BP neural network model architecture.

4.1 Construction of BP neural network prediction model based on genetic optimization

In the whole optimization process, GA and BP neural network are interrelated without influencing each other, so as to give full play to their respective advantages and overcome their respective limitations. GA-BP neural network prediction model process has the following steps [21,22];

  1. The initial population is randomly generated. Randomly generating a long string of N parameters and taking this as an initial population;

  2. Establishing a BP neural network in an initial state, and randomly initializing the weight and threshold;

  3. Encoding weight and threshold according to the selected encoding mode.

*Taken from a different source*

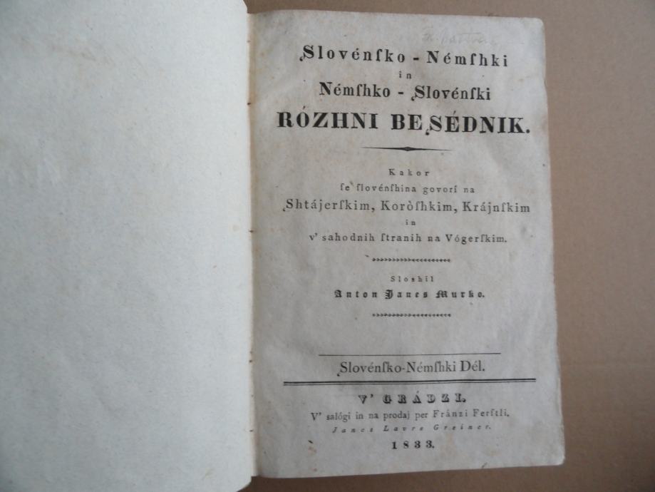 ANTON JANEZ MURKO, ROZHNI BESEDNIK, 1833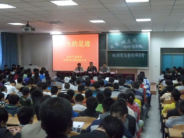 为进一步发挥优秀学生的激励作用,营造良好的学风,用身边的典型榜样教育影响广大青年学子,帮助大一新生尽快融入大学生活和学习中,9月16日下午,材料工程学院举行了“闪光的足迹”优秀大学生事迹报告会。学院党总支书记韩国才、副院长贾魁,学生政治辅导员郭峰、武明出席大会,2014级同学共计400余人参加大会。

  4. The GA starts from the initial population, continuously generates new individuals through crossover and mutation, and gradually improves the fitness of the population;

  5. Judging the termination condition of GA, judging whether the iteration times of GA reach the preset maximum times, and judging whether the maximum fitness of the population meets the specified standard. If all are not satisfied, jumping to step 3 for iteration; otherwise, terminating the GA and carrying out step 6;

  6. The weights and thresholds optimized by GA are fed into the BP neural network to initiate its learning and optimization process.

  7. Calculate output error of network by using the training dataset. If the conditions are not met, the error is back-propagated and the weight and threshold of BP neural network are adjusted. After the accuracy of output results meets the preset conditions, the network learning is stopped, and finally the establishment of GA-BP neural network is completed.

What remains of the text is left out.